Your goal →
Return all the data exactly, keeping the pictures out.

Collected material →
----------
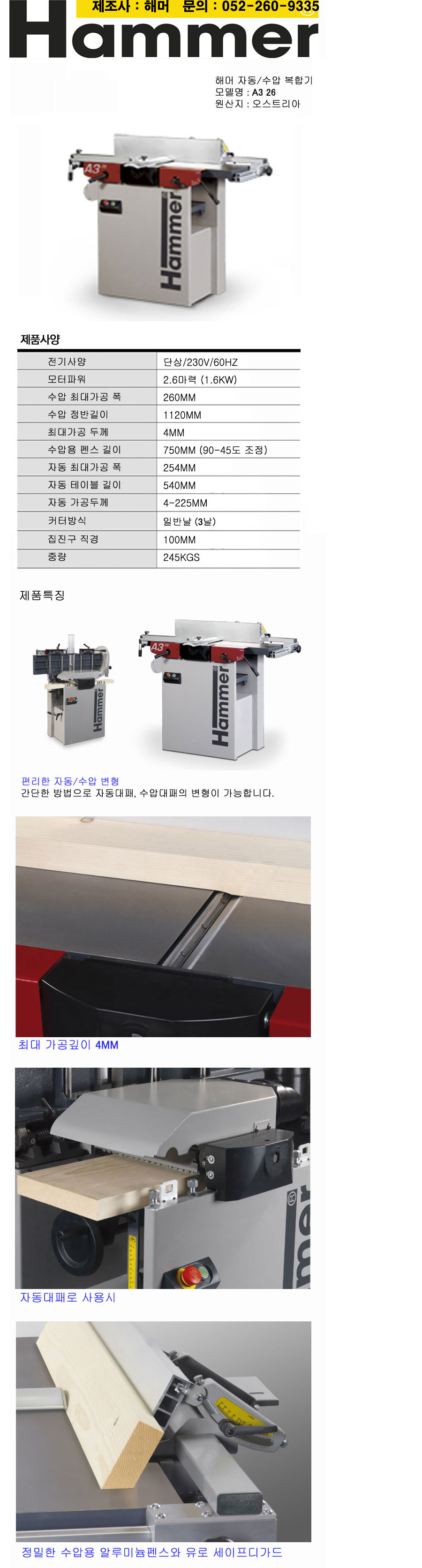 자동수압대패복합기(일반날) A326 해머-HAMMER 이미지 확대 보기
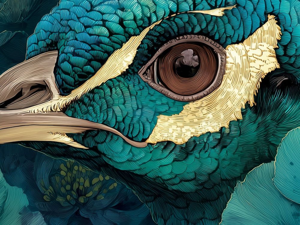 "Regal Bloom - Peacock in Floral Rust" depicts an ornate peacock head surrounded by delicate flowers in soft tones. The rich blue and green tones of the feathers contrast subtly with the floral frame, giving the work a sense of luxury and serenity. This artwork is ideal for interiors looking for a statement piece with natural elegance. Peacocks symbolise beauty, pride and inner strength
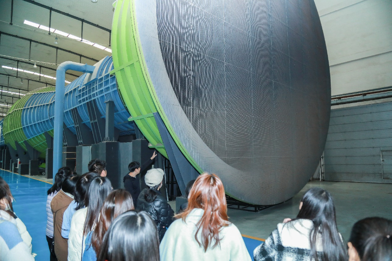 進(jìn)入實(shí)驗(yàn)室,首先映入眼簾的是藍(lán)綠相間的巨大“喇叭”,也是今天的“主角”——建筑風(fēng)洞?!按孙L(fēng)洞長96.5米,是直流下吹式大氣邊界層風(fēng)洞,此風(fēng)洞可以進(jìn)行多項(xiàng)科學(xué)試驗(yàn),為保證建筑的安全性和舒適性提供強(qiáng)大的‘后盾’。”在薛原博士的帶領(lǐng)下,參觀人員來到“喇叭口”了解風(fēng)洞動(dòng)力段的運(yùn)行原理,近距離看到風(fēng)扇葉片的構(gòu)造。沿著風(fēng)洞,接著來到中間的穩(wěn)定段,參觀人員深入了解風(fēng)洞內(nèi)部蜂窩器和阻尼網(wǎng)的構(gòu)造和重要作用。經(jīng)過風(fēng)洞的兩個(gè)實(shí)驗(yàn)段,最后來到擴(kuò)張段,在這里風(fēng)可以以更低的速度被排出。在專家的講解下,風(fēng)洞每一段構(gòu)造的科學(xué)秘密被逐漸揭開,參觀人員感受到建筑安全背后“科技屏障”的力量。
----------
Answer to the problem →
 자동수압대패복합기(일반날) A326 해머-HAMMER 이미지 확대 보기
 "Regal Bloom - Peacock in Floral Rust" depicts an ornate peacock head surrounded by delicate flowers in soft tones. The rich blue and green tones of the feathers contrast subtly with the floral frame, giving the work a sense of luxury and serenity. This artwork is ideal for interiors looking for a statement piece with natural elegance. Peacocks symbolise beauty, pride and inner strength
 進(jìn)入實(shí)驗(yàn)室,首先映入眼簾的是藍(lán)綠相間的巨大“喇叭”,也是今天的“主角”——建筑風(fēng)洞?!按孙L(fēng)洞長96.5米,是直流下吹式大氣邊界層風(fēng)洞,此風(fēng)洞可以進(jìn)行多項(xiàng)科學(xué)試驗(yàn),為保證建筑的安全性和舒適性提供強(qiáng)大的‘后盾’。”在薛原博士的帶領(lǐng)下,參觀人員來到“喇叭口”了解風(fēng)洞動(dòng)力段的運(yùn)行原理,近距離看到風(fēng)扇葉片的構(gòu)造。沿著風(fēng)洞,接著來到中間的穩(wěn)定段,參觀人員深入了解風(fēng)洞內(nèi)部蜂窩器和阻尼網(wǎng)的構(gòu)造和重要作用。經(jīng)過風(fēng)洞的兩個(gè)實(shí)驗(yàn)段,最后來到擴(kuò)張段,在這里風(fēng)可以以更低的速度被排出。在專家的講解下,風(fēng)洞每一段構(gòu)造的科學(xué)秘密被逐漸揭開,參觀人員感受到建筑安全背后“科技屏障”的力量。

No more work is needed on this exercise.